<<<<
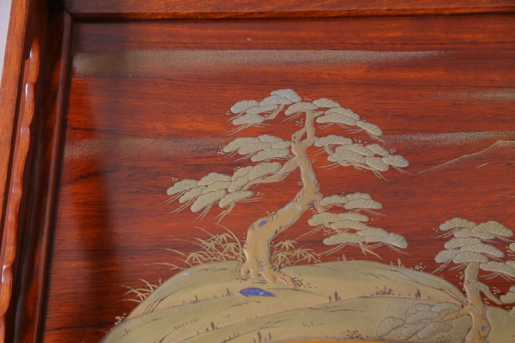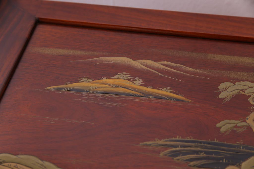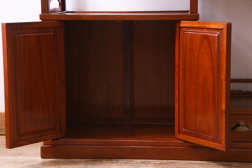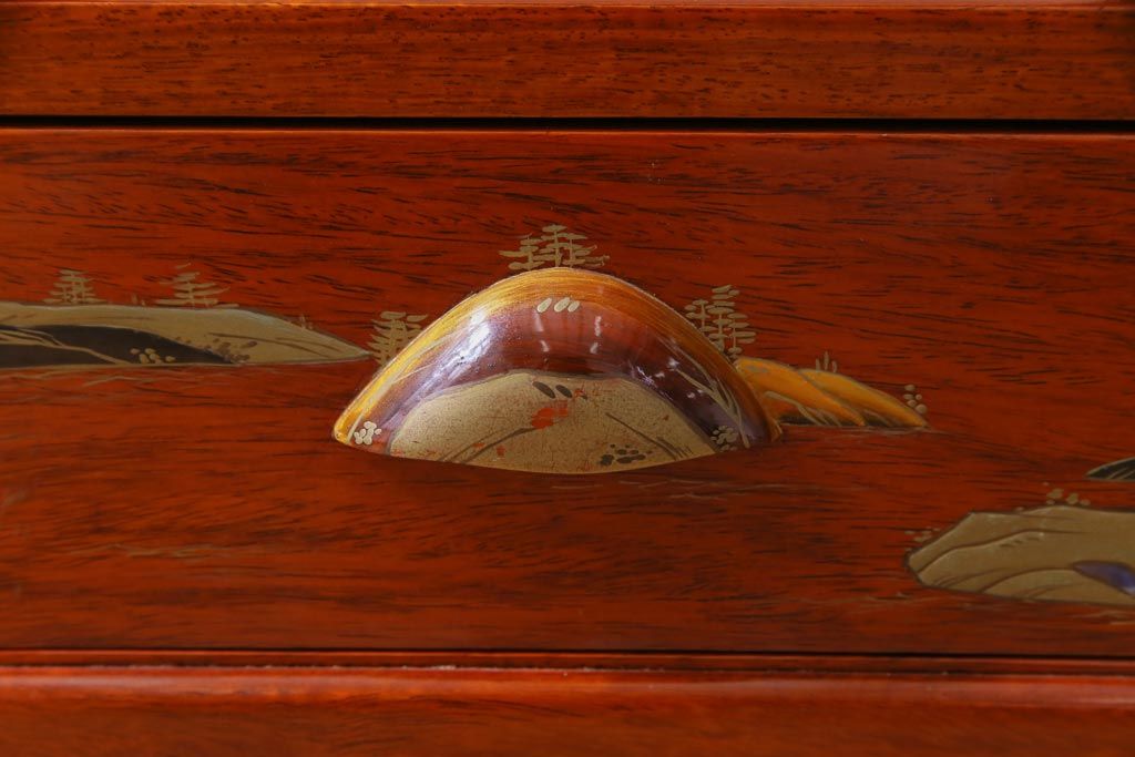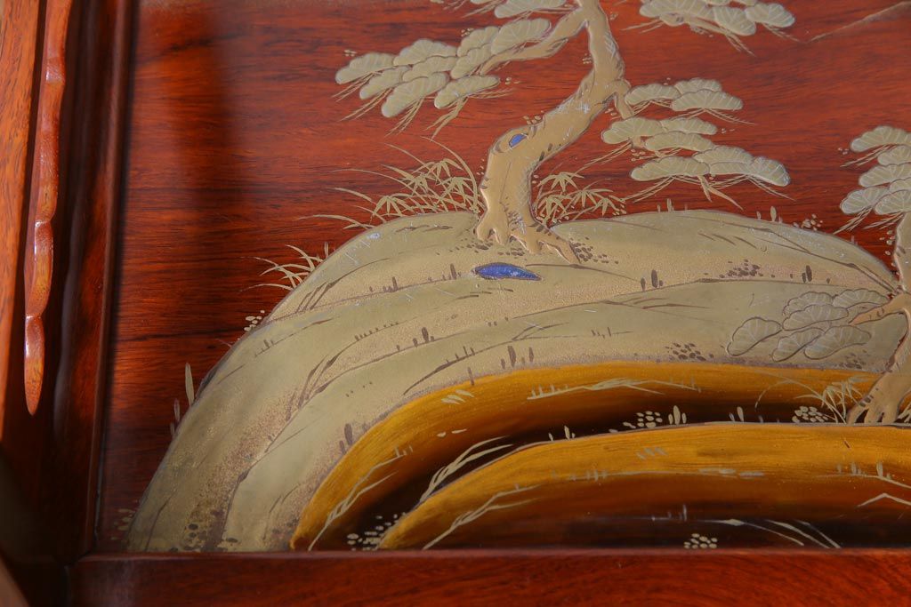 和箪笥 > 中古 カリン材 漆塗り 蒔絵で描かれた松の図が美しい茶棚(飾り棚、花梨材)(定価約40万円)
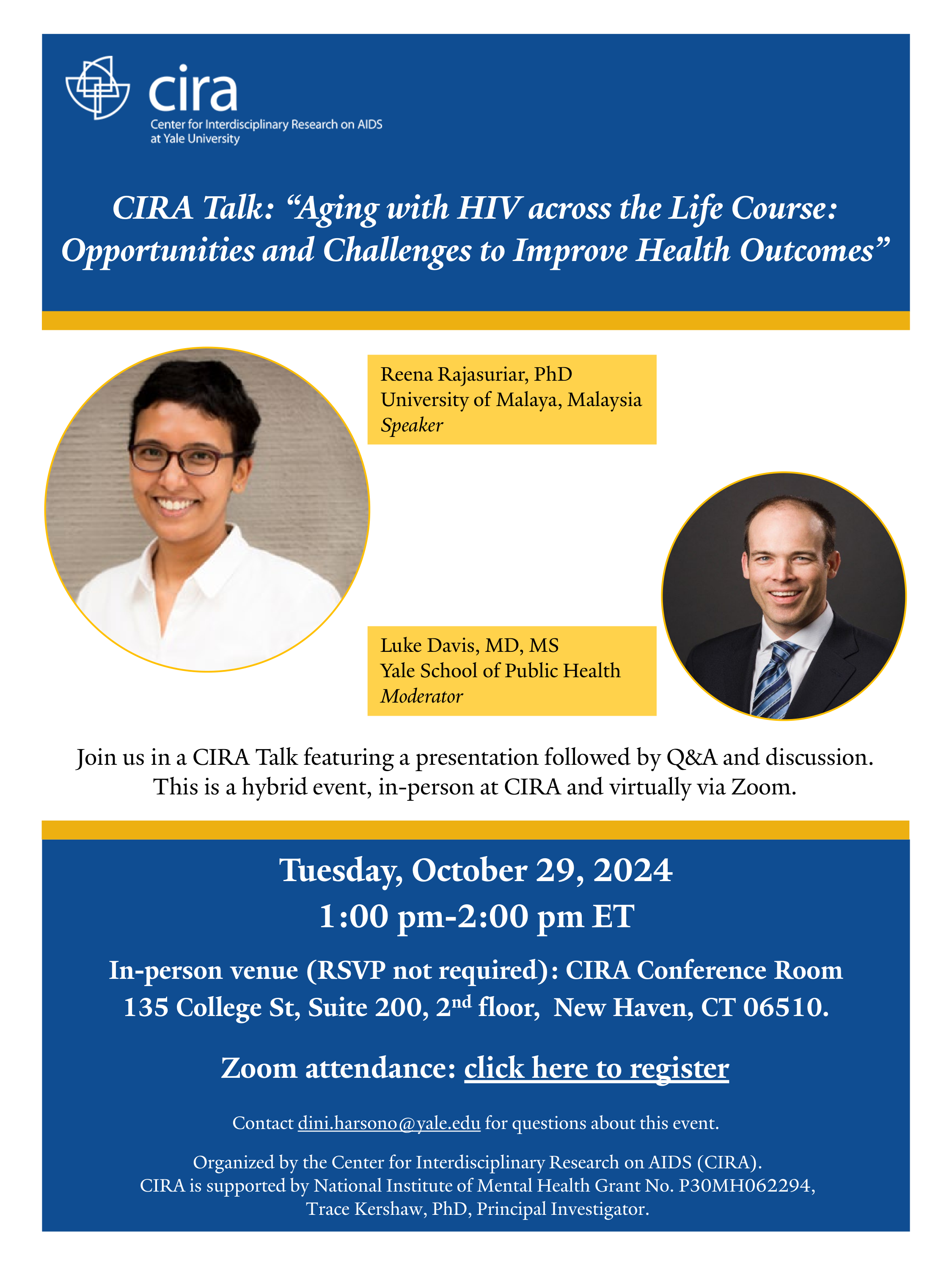 Join the Center for Interdisciplinary Research on AIDS (CIRA) at Yale University for a CIRA Talk event with speaker Reena Rajasuriar, PhD, an Associate Professor at the Department of Medicine, University of Malaya, Malaysia; an Honorary Fellow at the Department of Infectious Diseases, Melbourne University, Australia; and a former CIRA international visiting fellow (2019-2021). This session will be moderated by Luke Davis, MD, MS, Yale School of Public Health.
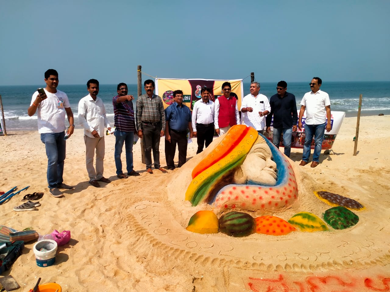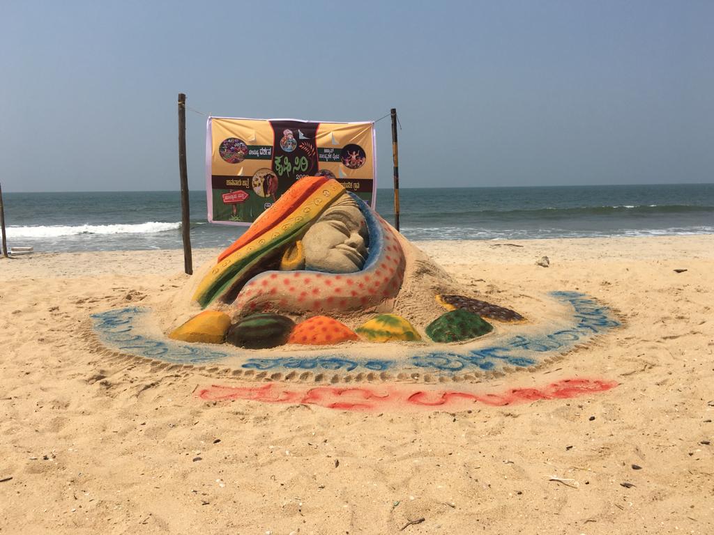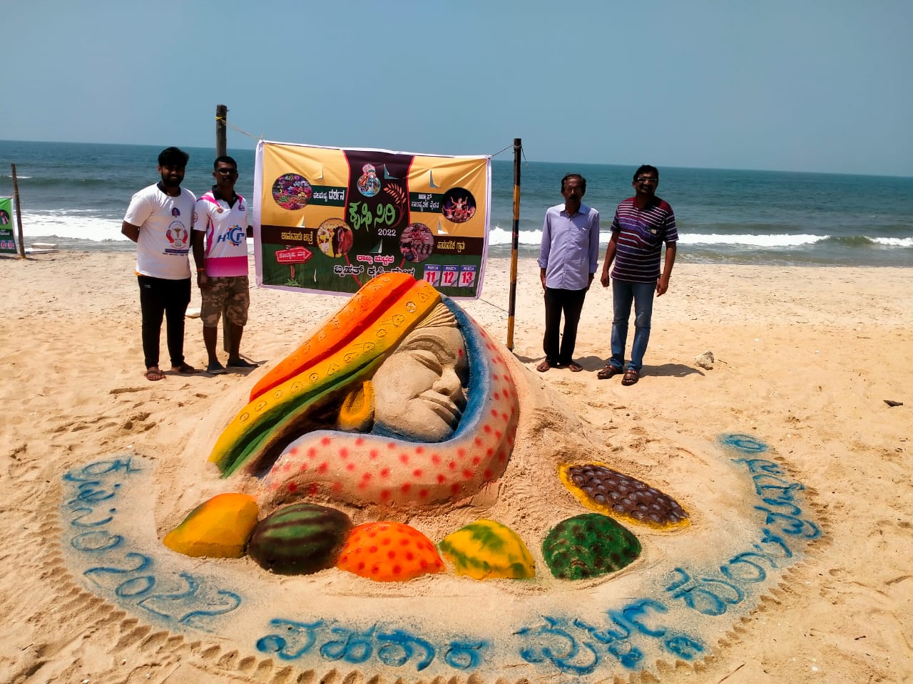 ಕೃಷಿ ಸಿರಿ ರಾಜ್ಯ ಸಮ್ಮೇಳನದ ಪ್ರಯುಕ್ತ ತಣ್ಣೀರು ಭಾವಿ ಬೀಚ್ನಲ್ಲಿ ಮರಳು ಶಿಲ್ಪಕಲಾ ಪ್ರದರ್ಶನ
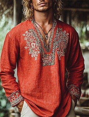 Homens Camisa Popover camisa de verão Roupa de Praia camisa vintage Camisa étnica Floral Férias Feriado Amarelo Azul Laranja Marron Manga Longa Decote V Verão Primavera Roupa
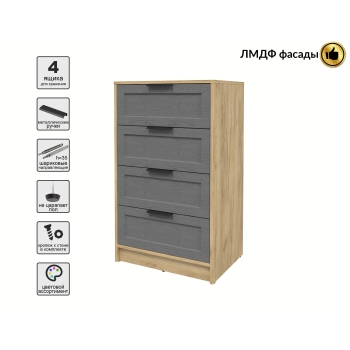 Kомод Тренд КТ-К60 (Антрацит ЛДСП/ Дуб серый ЛМДФ) Ш600 В1020 Г451
>>>>
» Problem
The lines from the start of the data through the line that contains "Homens Camisa Popover" are to be returned exactly, please, with both ends included and every picture left out.

» Expected answer
 和箪笥 > 中古 カリン材 漆塗り 蒔絵で描かれた松の図が美しい茶棚(飾り棚、花梨材)(定価約40万円)
 Join the Center for Interdisciplinary Research on AIDS (CIRA) at Yale University for a CIRA Talk event with speaker Reena Rajasuriar, PhD, an Associate Professor at the Department of Medicine, University of Malaya, Malaysia; an Honorary Fellow at the Department of Infectious Diseases, Melbourne University, Australia; and a former CIRA international visiting fellow (2019-2021). This session will be moderated by Luke Davis, MD, MS, Yale School of Public Health.
 ಕೃಷಿ ಸಿರಿ ರಾಜ್ಯ ಸಮ್ಮೇಳನದ ಪ್ರಯುಕ್ತ ತಣ್ಣೀರು ಭಾವಿ ಬೀಚ್ನಲ್ಲಿ ಮರಳು ಶಿಲ್ಪಕಲಾ ಪ್ರದರ್ಶನ
 Homens Camisa Popover camisa de verão Roupa de Praia camisa vintage Camisa étnica Floral Férias Feriado Amarelo Azul Laranja Marron Manga Longa Decote V Verão Primavera Roupa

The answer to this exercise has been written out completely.